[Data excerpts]
*** Block opens ***
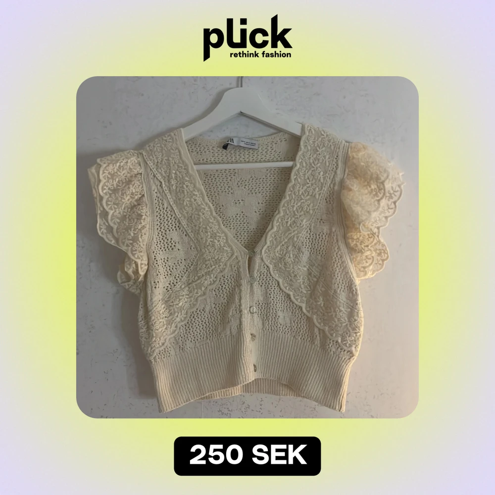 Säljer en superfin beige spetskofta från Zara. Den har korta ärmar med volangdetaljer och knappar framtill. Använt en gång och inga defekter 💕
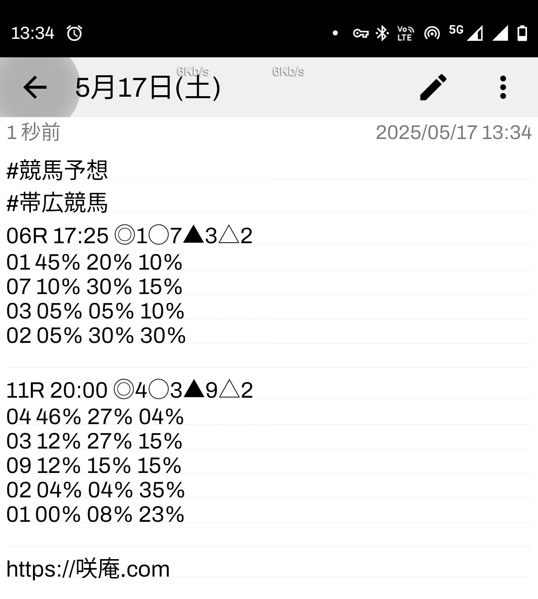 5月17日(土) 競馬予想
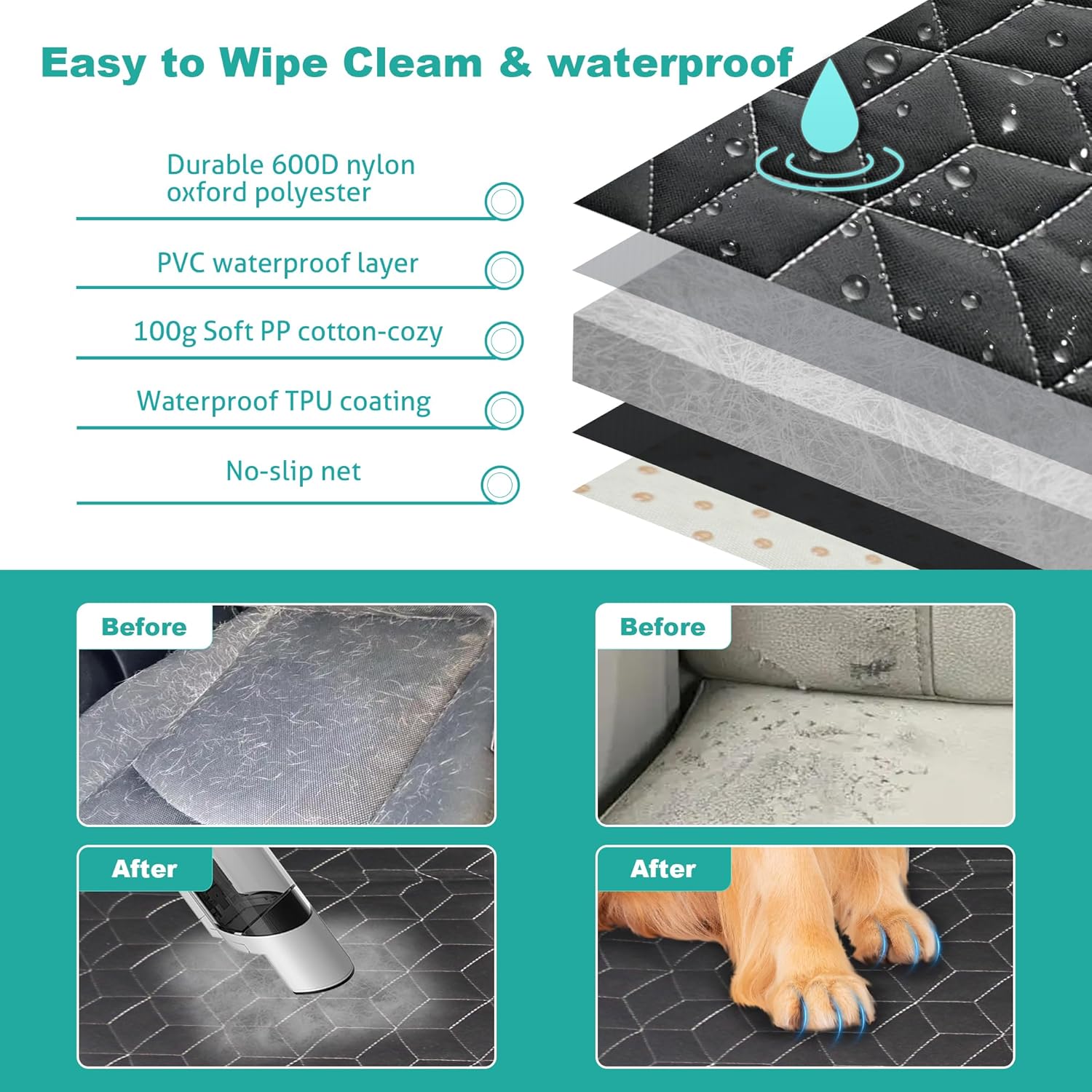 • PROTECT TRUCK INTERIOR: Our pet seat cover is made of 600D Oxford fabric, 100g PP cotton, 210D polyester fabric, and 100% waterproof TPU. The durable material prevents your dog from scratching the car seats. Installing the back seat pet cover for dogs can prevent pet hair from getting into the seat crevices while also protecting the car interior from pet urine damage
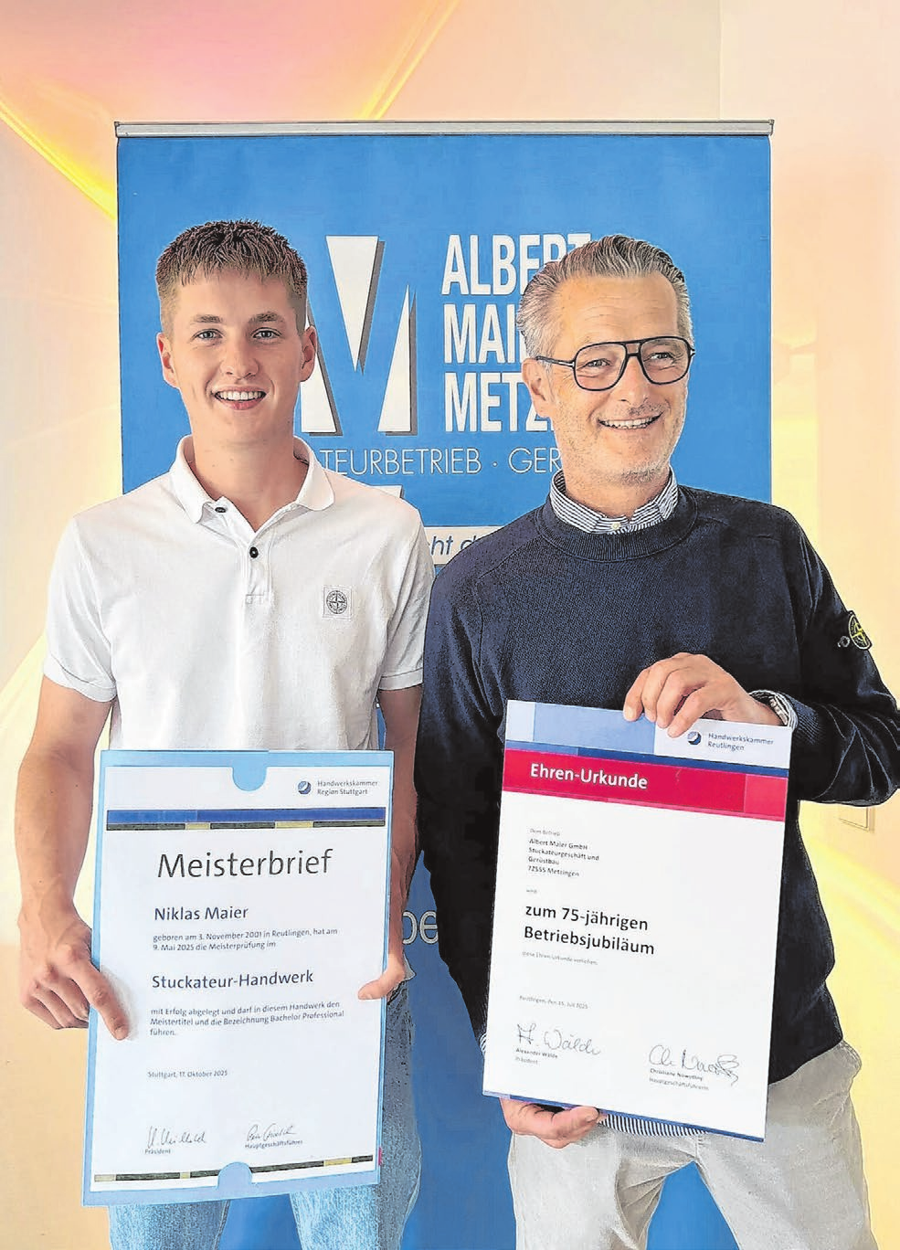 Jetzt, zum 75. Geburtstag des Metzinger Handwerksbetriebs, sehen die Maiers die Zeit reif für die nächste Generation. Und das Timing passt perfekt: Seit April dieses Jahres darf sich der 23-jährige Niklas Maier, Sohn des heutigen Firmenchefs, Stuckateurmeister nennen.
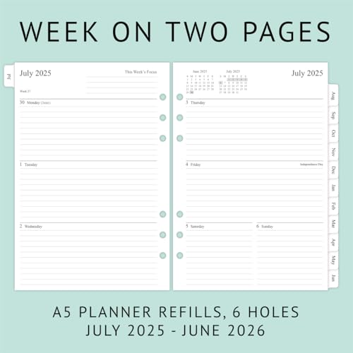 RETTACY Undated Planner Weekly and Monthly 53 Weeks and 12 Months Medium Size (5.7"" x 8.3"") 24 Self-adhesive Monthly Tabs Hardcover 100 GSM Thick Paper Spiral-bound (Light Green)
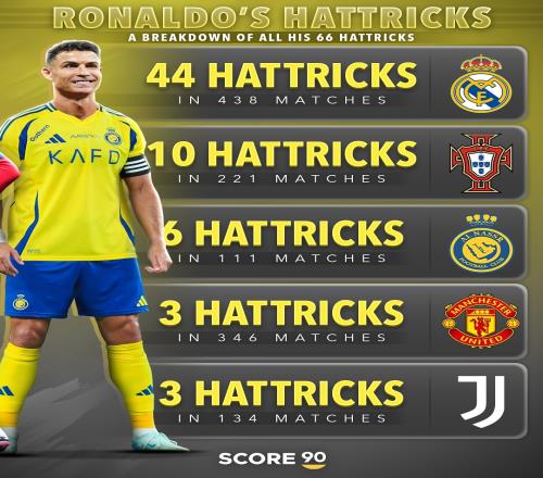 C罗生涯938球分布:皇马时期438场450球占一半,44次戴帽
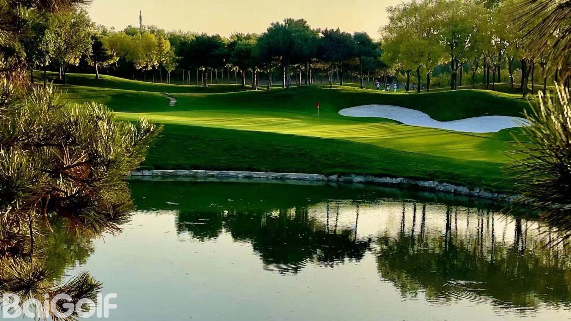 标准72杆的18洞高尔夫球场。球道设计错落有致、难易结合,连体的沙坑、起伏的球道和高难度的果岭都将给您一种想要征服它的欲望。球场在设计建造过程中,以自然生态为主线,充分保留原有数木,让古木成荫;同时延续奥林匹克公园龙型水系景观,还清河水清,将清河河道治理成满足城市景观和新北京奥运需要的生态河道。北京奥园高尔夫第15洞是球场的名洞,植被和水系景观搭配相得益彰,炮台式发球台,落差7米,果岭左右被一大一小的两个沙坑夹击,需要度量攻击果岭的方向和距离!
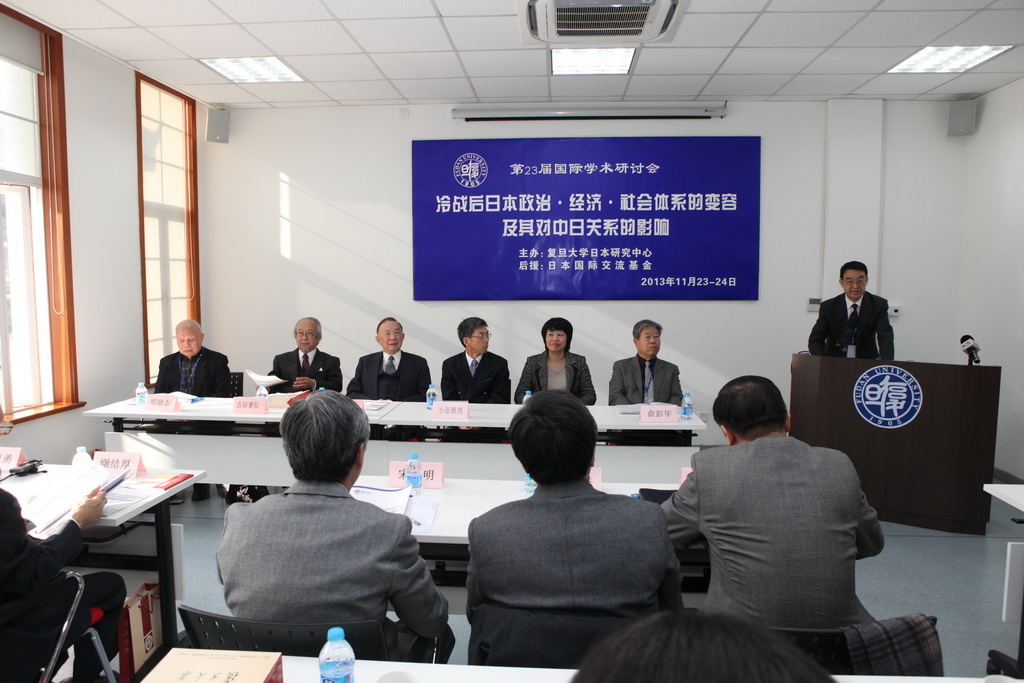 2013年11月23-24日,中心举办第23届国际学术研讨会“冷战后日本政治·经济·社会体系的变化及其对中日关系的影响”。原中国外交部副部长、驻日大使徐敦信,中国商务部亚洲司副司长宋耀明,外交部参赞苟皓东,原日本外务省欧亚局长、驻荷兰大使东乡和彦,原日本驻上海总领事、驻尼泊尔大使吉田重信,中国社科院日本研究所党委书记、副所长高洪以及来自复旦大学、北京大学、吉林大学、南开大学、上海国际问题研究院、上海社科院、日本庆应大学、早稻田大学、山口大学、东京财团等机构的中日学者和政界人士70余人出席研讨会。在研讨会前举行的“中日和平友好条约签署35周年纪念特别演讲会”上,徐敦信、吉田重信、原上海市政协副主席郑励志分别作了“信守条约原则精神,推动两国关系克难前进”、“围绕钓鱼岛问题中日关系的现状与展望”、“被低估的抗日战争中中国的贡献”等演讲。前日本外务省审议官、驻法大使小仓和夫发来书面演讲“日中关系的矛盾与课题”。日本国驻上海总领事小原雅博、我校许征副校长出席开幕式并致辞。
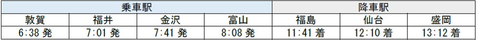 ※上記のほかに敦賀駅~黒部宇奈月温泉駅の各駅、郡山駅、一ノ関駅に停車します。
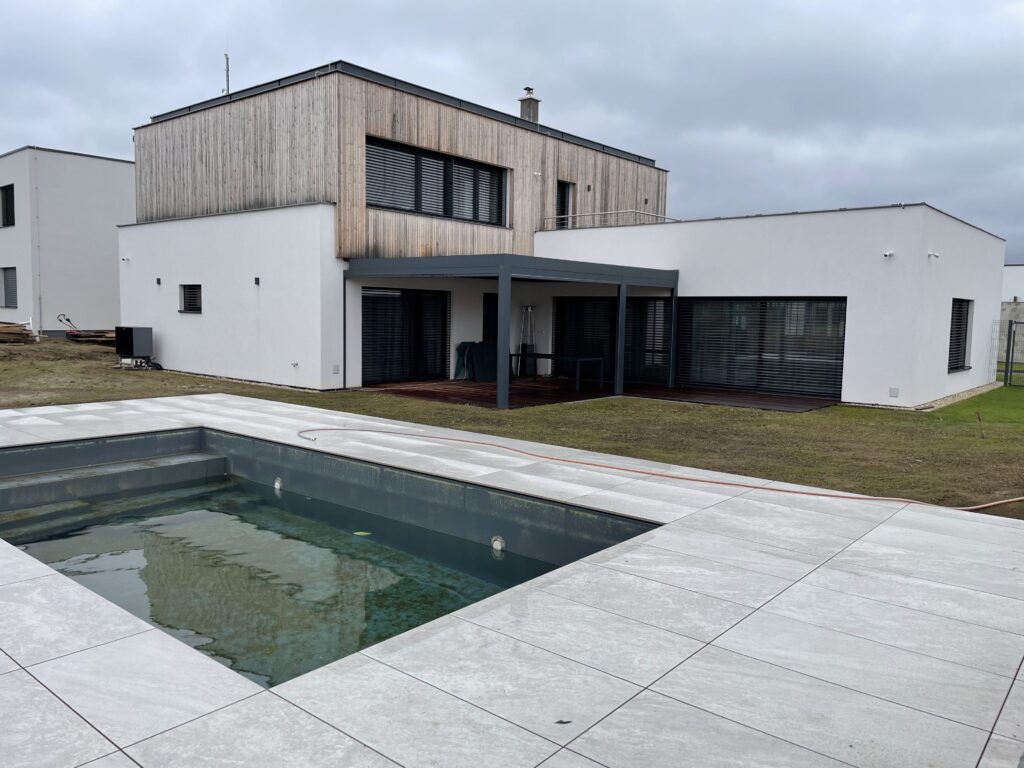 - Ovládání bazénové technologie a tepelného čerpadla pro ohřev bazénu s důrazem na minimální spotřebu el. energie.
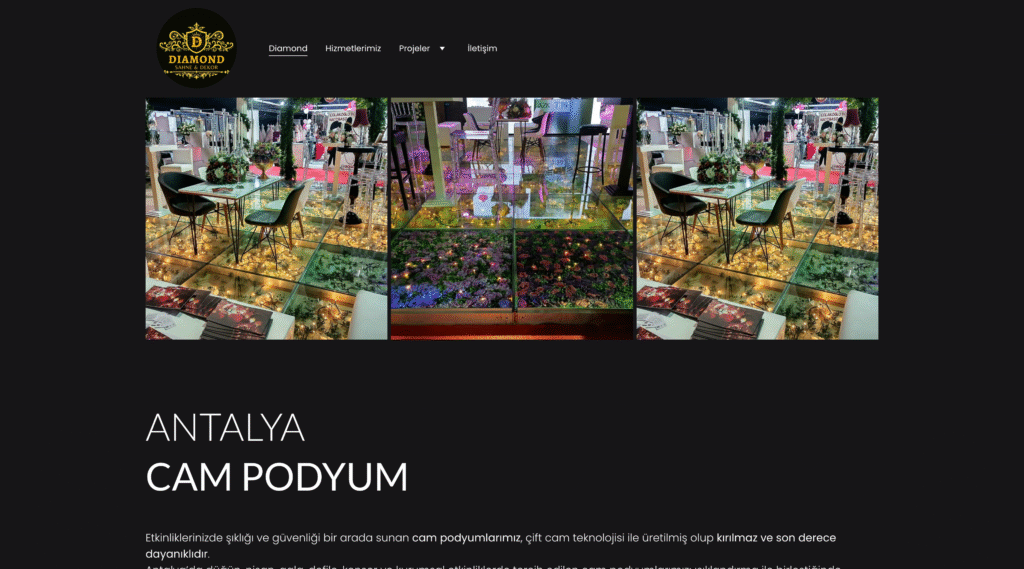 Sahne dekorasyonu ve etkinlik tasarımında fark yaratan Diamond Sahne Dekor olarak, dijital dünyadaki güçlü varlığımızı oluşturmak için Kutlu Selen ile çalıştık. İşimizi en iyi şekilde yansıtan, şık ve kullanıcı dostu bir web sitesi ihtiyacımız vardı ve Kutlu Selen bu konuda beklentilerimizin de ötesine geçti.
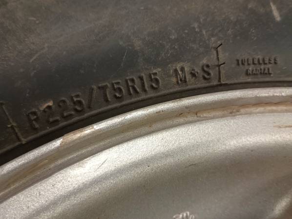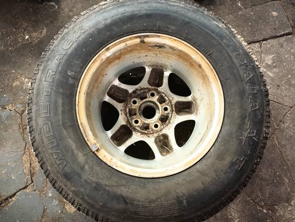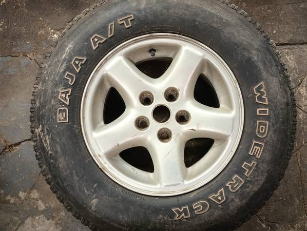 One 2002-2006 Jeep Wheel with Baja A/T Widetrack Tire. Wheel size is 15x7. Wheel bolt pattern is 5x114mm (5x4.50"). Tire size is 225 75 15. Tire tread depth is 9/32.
*** Block closes ***
__Work task__. Give back exactly the lines above that run from the one with "C罗生涯938球分布:皇马时期438场450球占一半,44次戴帽" to the one with "标准72杆的18洞高尔夫球场", including both, with the pictures left out.

__Task output__.
 C罗生涯938球分布:皇马时期438场450球占一半,44次戴帽
 标准72杆的18洞高尔夫球场。球道设计错落有致、难易结合,连体的沙坑、起伏的球道和高难度的果岭都将给您一种想要征服它的欲望。球场在设计建造过程中,以自然生态为主线,充分保留原有数木,让古木成荫;同时延续奥林匹克公园龙型水系景观,还清河水清,将清河河道治理成满足城市景观和新北京奥运需要的生态河道。北京奥园高尔夫第15洞是球场的名洞,植被和水系景观搭配相得益彰,炮台式发球台,落差7米,果岭左右被一大一小的两个沙坑夹击,需要度量攻击果岭的方向和距离!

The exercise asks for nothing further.